• [Data extracts]
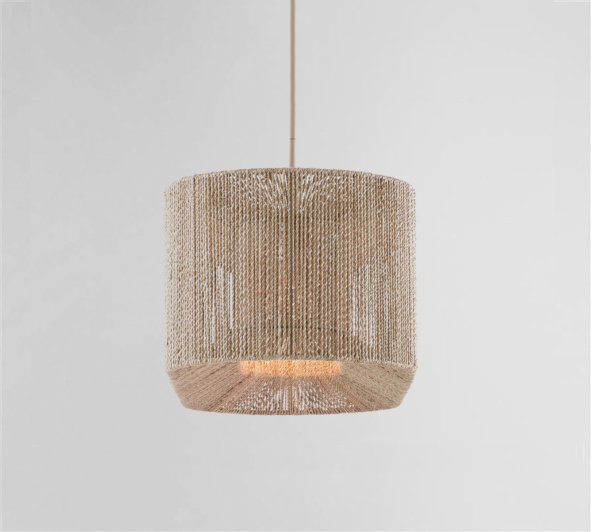 - Crafted of iron with an abaca rope wrapped shade and finished in Beige.
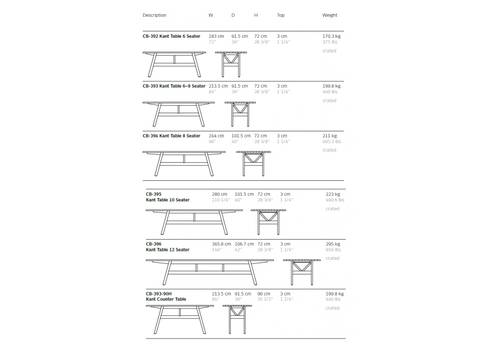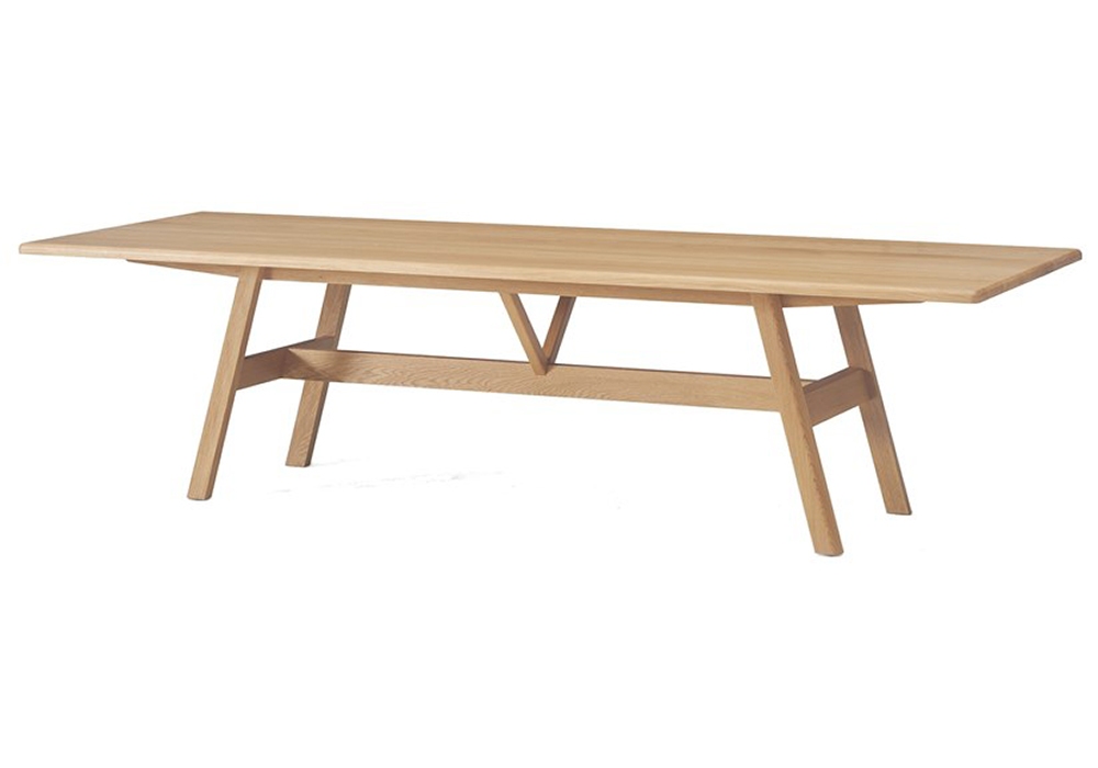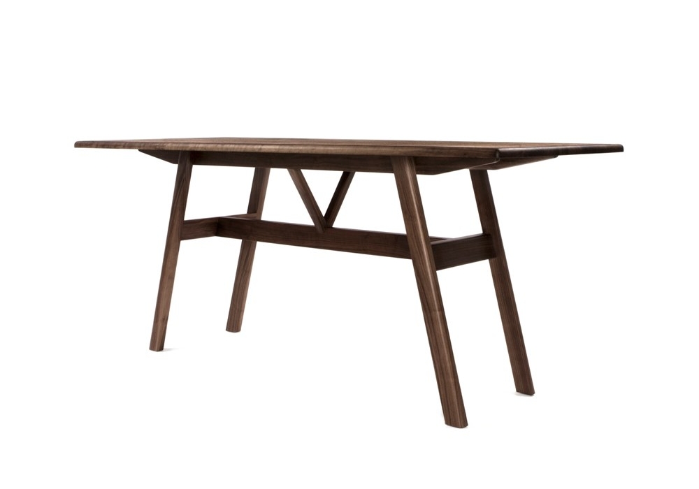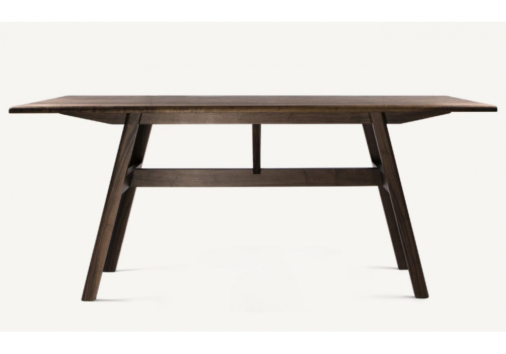 Tavolo da pranzo Kant disegnato da Craig Bassam per BassamFellows, tavolo disponibile in diverse finiture di legno, strutturato con un piano dai bordi arrotondati e sostenuto da due travi gemelle e da un traliccio di sostegno a forma di V il tutto legato a 4 gambe angolari.
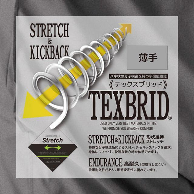 生地の横糸には、特殊な分子構造によってストレッチ性を持つ「TEXBRID」を使用、体の動きに合わせて伸縮する機動力と快適な着心地を可能にした次世代の定番ワークウェア。
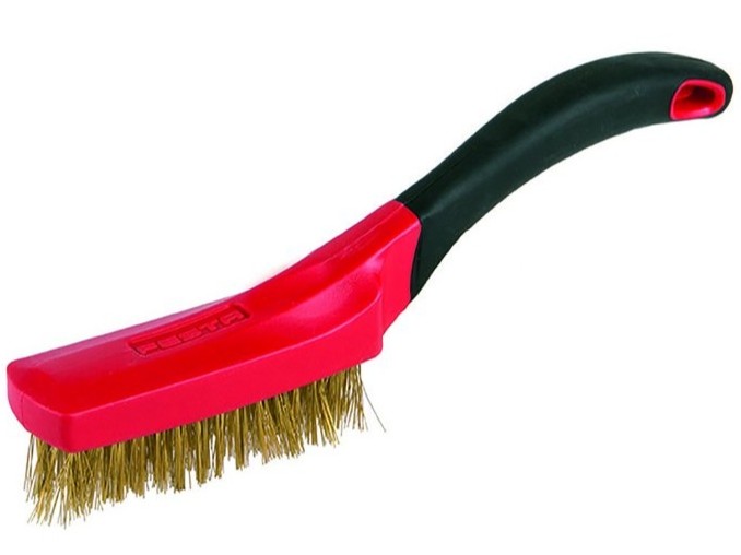 Ruční mosazný kartáč, základ konstrukce kartáče tvoří kvalitní polypropylen, rukojeť je potažena TPR gumou, která zabraňuje klouzání i v případě mastných rukou. Kvalitní uchycení drátkových svazků v tomto případě v pěti řadách. Otvor v rukojeti pro zavěšení. Použití pro čištění dílů, součástek a komponentů, vhodné na nerez. Lze použít pro čištění grilovacích roštů.
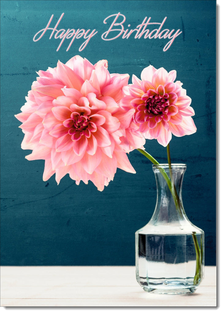 Happy Birthday Card Large Pink Flowers
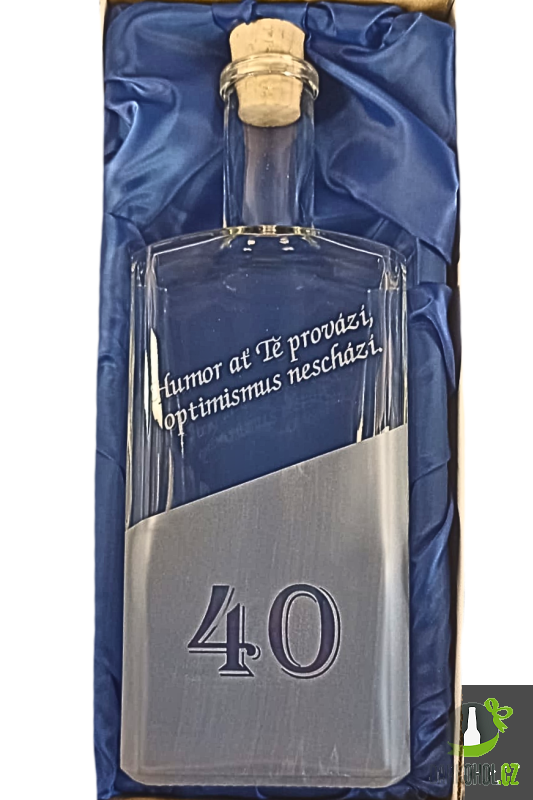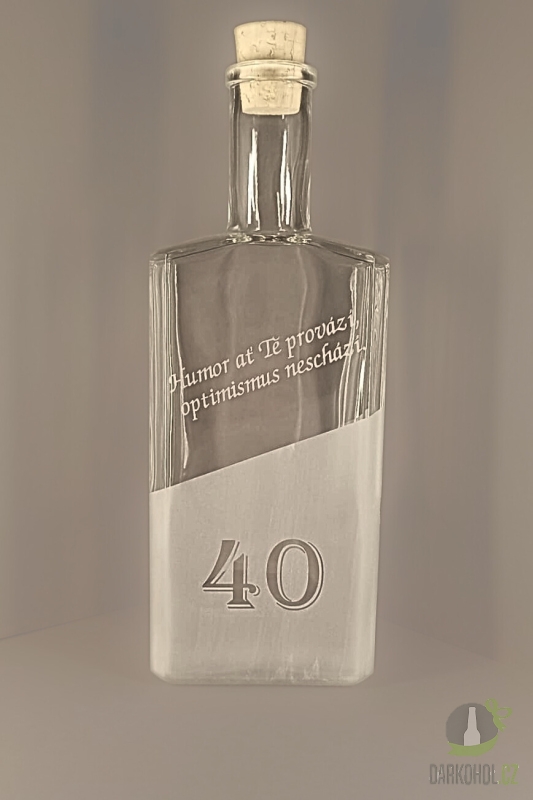 Ručně pískovaná skleněná láhev ve tvaru knihy o objemu 1l s nápisem " Humor ať ťě provází,optimismus neschází 40 let "
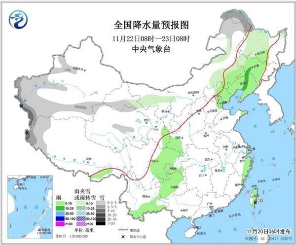 11月22日08时至23日08时,新疆伊犁河谷及南疆盆地、内蒙古东部和西部、黑龙江中部、甘肃河西地区等地部分地区有小到中雪或雨夹雪,其中,南疆西部山区、西藏西部等地部分地区有大雪(5~9毫米)。东北地区中南部、西北地区东南部、华北地区东北部、西南地区东部、云南南部、台湾岛等地部分地区有小到中雨,其中,台湾岛东南部局地有大雨(25~30毫米)。
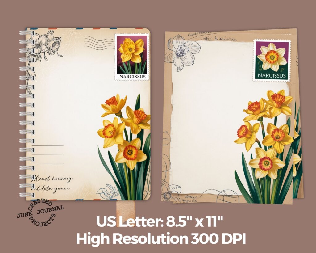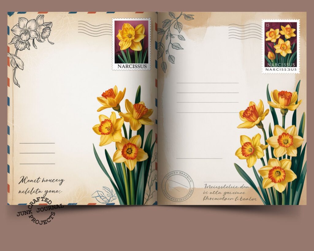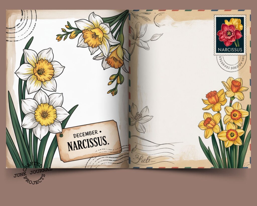 Celebrate the month of December with this elegant Narcissus Birth Flower Journal Page. A richly colored narcissus postage stamp adorns the top right corner, while a full cluster of narcissus blossoms blooms gracefully at the bottom right. The central area provides ample space for journaling or daily reflections, perfectly suited for creative note-taking or scrapbooking.
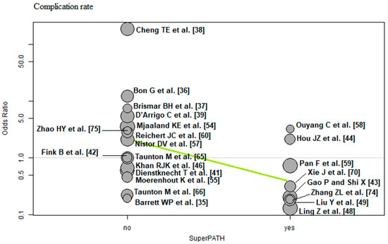 SuperPATH surgical technique and the complication rate showed a negative association. For each 1 percentage point increase in the frequency of SuperPATH, the effect size for the complication rate decreased by an average of 1.72. The more often SuperPATH was used as a minimally invasive approach, the more significantly the complication rate of minimally invasive THA decreased compared with the conventional approach. A recently published meta-analysis by Ramadanov [80] showed no differences in complication rates between SuperPATH and conventional approaches in THA.
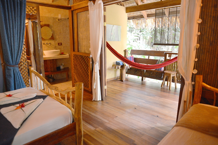The bungalows are individually crafted and aesthetically appealing. Privacy is the norm here, and each bungalow comes with a front porch that is a nice spot to relax outdoors. Comfortable beds and wooden furniture decorate the inside, and skylights let in natural light from overhead. All bungalows have a hot water bathroom, mosquito nets, and a hammock. There are also large towels for guests to use when lying out on the nearby beach.
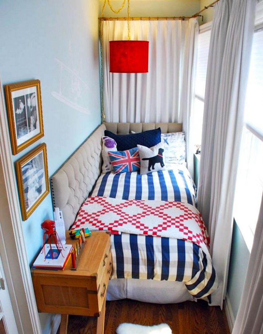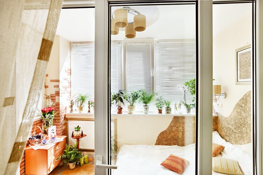 Befindet sich die Loggia auf der Südseite, sollten die Vorhänge an den Fenstern durch Jalousien oder Jalousien ersetzt werden RolllädenDadurch wird verhindert, dass helles Sonnenlicht in das Schlafzimmer gelangt. Schließlich ist Komfort während des Tagesschlafes sehr wichtig.
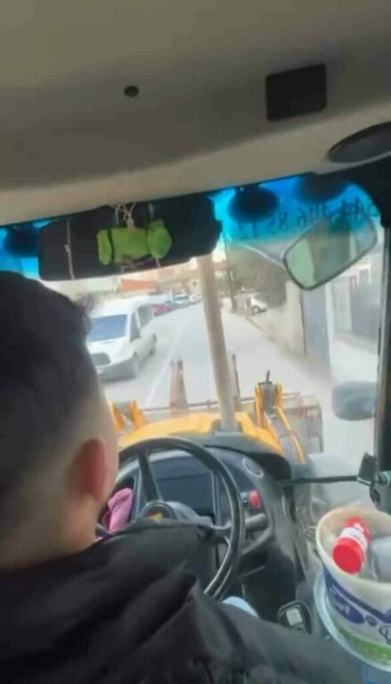 Bursa’da iddiaya göre ehliyeti olmayan bir genç, sokak aralarında iş makinesi sürdü. Bununla da yetinmeyen genç, tehlikeli anları kayda aldı.
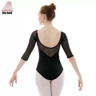 📚 红雨舞蹈服女芭蕾练功服连体服中袖艺考形体成人体操服空中瑜伽
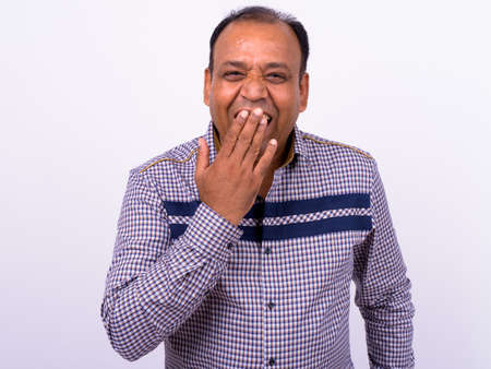 Portrait of happy mature overweight Indian businessman
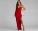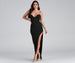 Stun a formal dress that puts you in a league of your own! Wanda features a sleeveless V-neckline. supportive padded cups that eliminate the need for an additional bra. and adjustable spaghetti straps. The bodice features a timelessly chic corset design with flexible boning that provides structure. The skirt features a curve-hugging A-line style with a daringly high side slit that showcases a hint of leg. The dress is composed of a crepe fabric that offers a form-hugging fit with a moderate stretch. Complete the look with rhinestone heels and a faux fur wrap.
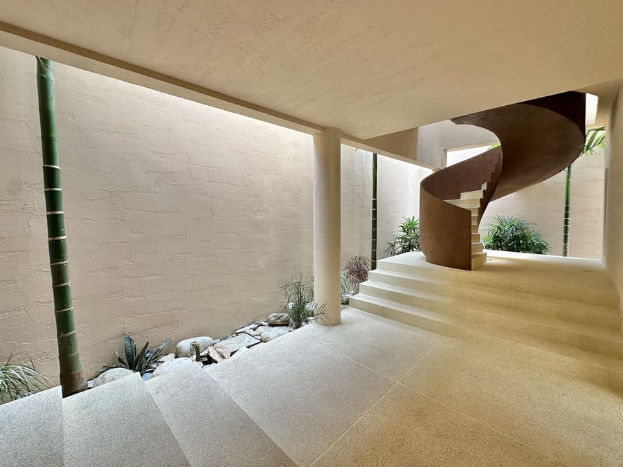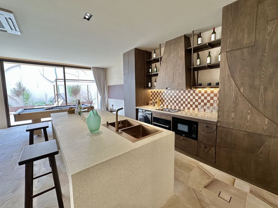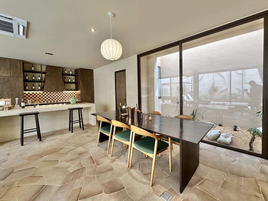 这是一栋名为 “Villa Barrera” 的私人别墅,位于约 544 平方米的独立土地上,以现代摩洛哥风格打造,两层结构、约 450 平方米的室内使用面积,使整体空间宽敞舒适。别墅外观采用高墙围合设计,兼具隐私性与异域度假氛围;中央泳池作为庭院视觉核心,与大面积落地玻璃相互呼应,让自然光线与水景渗透室内,营造静谧而富有格调的居住体验。室内配置五间卧室与六间浴室,开放式客厅与中岛厨房通透明亮,动线适合家庭生活、度假或接待宾客。户外设有 Jacuzzi、休闲区及精致景观庭院,整体氛围惬意放松;可停放最多六辆车的车位更在市区别墅中极为少见。
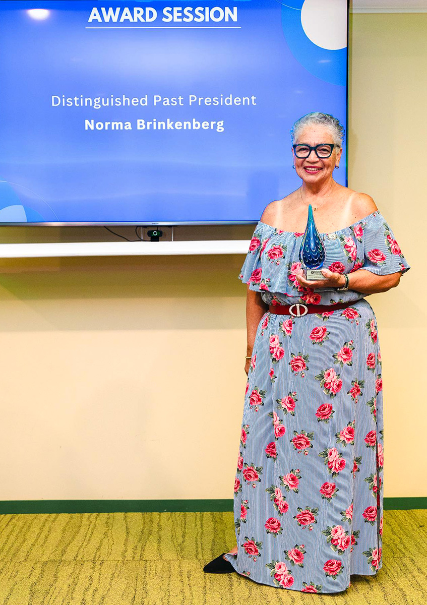 E merdia aki a nomina Norma Brinkenberg-Spellen como Kiwanian of the Year, presenta door di Tessely Koolman-Ranis, kende a reconoce e dedicacion completo y pasion di Norma.
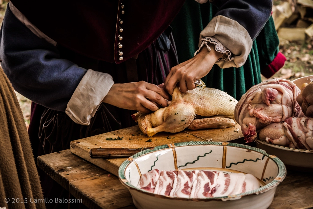 “Piglia l’anatra acconciata e rifatta e ponilo in una pignatta con un poco di persutto e del bono agresto. Aggiungervi maggiorana , noce moscata , zuccaro e salvia. Poi le prugne secche. Cocila e poi la imbandirai.”

• [Task to carry out] Would you print all the entries again exactly, minus any pictures?

• [Response to the exercise]
 - Crafted of iron with an abaca rope wrapped shade and finished in Beige.
 Tavolo da pranzo Kant disegnato da Craig Bassam per BassamFellows, tavolo disponibile in diverse finiture di legno, strutturato con un piano dai bordi arrotondati e sostenuto da due travi gemelle e da un traliccio di sostegno a forma di V il tutto legato a 4 gambe angolari.
 生地の横糸には、特殊な分子構造によってストレッチ性を持つ「TEXBRID」を使用、体の動きに合わせて伸縮する機動力と快適な着心地を可能にした次世代の定番ワークウェア。
 Ruční mosazný kartáč, základ konstrukce kartáče tvoří kvalitní polypropylen, rukojeť je potažena TPR gumou, která zabraňuje klouzání i v případě mastných rukou. Kvalitní uchycení drátkových svazků v tomto případě v pěti řadách. Otvor v rukojeti pro zavěšení. Použití pro čištění dílů, součástek a komponentů, vhodné na nerez. Lze použít pro čištění grilovacích roštů.
 Happy Birthday Card Large Pink Flowers
 Ručně pískovaná skleněná láhev ve tvaru knihy o objemu 1l s nápisem " Humor ať ťě provází,optimismus neschází 40 let "
 11月22日08时至23日08时,新疆伊犁河谷及南疆盆地、内蒙古东部和西部、黑龙江中部、甘肃河西地区等地部分地区有小到中雪或雨夹雪,其中,南疆西部山区、西藏西部等地部分地区有大雪(5~9毫米)。东北地区中南部、西北地区东南部、华北地区东北部、西南地区东部、云南南部、台湾岛等地部分地区有小到中雨,其中,台湾岛东南部局地有大雨(25~30毫米)。
 Celebrate the month of December with this elegant Narcissus Birth Flower Journal Page. A richly colored narcissus postage stamp adorns the top right corner, while a full cluster of narcissus blossoms blooms gracefully at the bottom right. The central area provides ample space for journaling or daily reflections, perfectly suited for creative note-taking or scrapbooking.
 SuperPATH surgical technique and the complication rate showed a negative association. For each 1 percentage point increase in the frequency of SuperPATH, the effect size for the complication rate decreased by an average of 1.72. The more often SuperPATH was used as a minimally invasive approach, the more significantly the complication rate of minimally invasive THA decreased compared with the conventional approach. A recently published meta-analysis by Ramadanov [80] showed no differences in complication rates between SuperPATH and conventional approaches in THA.
The bungalows are individually crafted and aesthetically appealing. Privacy is the norm here, and each bungalow comes with a front porch that is a nice spot to relax outdoors. Comfortable beds and wooden furniture decorate the inside, and skylights let in natural light from overhead. All bungalows have a hot water bathroom, mosquito nets, and a hammock. There are also large towels for guests to use when lying out on the nearby beach.
 Befindet sich die Loggia auf der Südseite, sollten die Vorhänge an den Fenstern durch Jalousien oder Jalousien ersetzt werden RolllädenDadurch wird verhindert, dass helles Sonnenlicht in das Schlafzimmer gelangt. Schließlich ist Komfort während des Tagesschlafes sehr wichtig.
 Bursa’da iddiaya göre ehliyeti olmayan bir genç, sokak aralarında iş makinesi sürdü. Bununla da yetinmeyen genç, tehlikeli anları kayda aldı.
 📚 红雨舞蹈服女芭蕾练功服连体服中袖艺考形体成人体操服空中瑜伽
 Portrait of happy mature overweight Indian businessman
 Stun a formal dress that puts you in a league of your own! Wanda features a sleeveless V-neckline. supportive padded cups that eliminate the need for an additional bra. and adjustable spaghetti straps. The bodice features a timelessly chic corset design with flexible boning that provides structure. The skirt features a curve-hugging A-line style with a daringly high side slit that showcases a hint of leg. The dress is composed of a crepe fabric that offers a form-hugging fit with a moderate stretch. Complete the look with rhinestone heels and a faux fur wrap.
 这是一栋名为 “Villa Barrera” 的私人别墅,位于约 544 平方米的独立土地上,以现代摩洛哥风格打造,两层结构、约 450 平方米的室内使用面积,使整体空间宽敞舒适。别墅外观采用高墙围合设计,兼具隐私性与异域度假氛围;中央泳池作为庭院视觉核心,与大面积落地玻璃相互呼应,让自然光线与水景渗透室内,营造静谧而富有格调的居住体验。室内配置五间卧室与六间浴室,开放式客厅与中岛厨房通透明亮,动线适合家庭生活、度假或接待宾客。户外设有 Jacuzzi、休闲区及精致景观庭院,整体氛围惬意放松;可停放最多六辆车的车位更在市区别墅中极为少见。
 E merdia aki a nomina Norma Brinkenberg-Spellen como Kiwanian of the Year, presenta door di Tessely Koolman-Ranis, kende a reconoce e dedicacion completo y pasion di Norma.
 “Piglia l’anatra acconciata e rifatta e ponilo in una pignatta con un poco di persutto e del bono agresto. Aggiungervi maggiorana , noce moscata , zuccaro e salvia. Poi le prugne secche. Cocila e poi la imbandirai.”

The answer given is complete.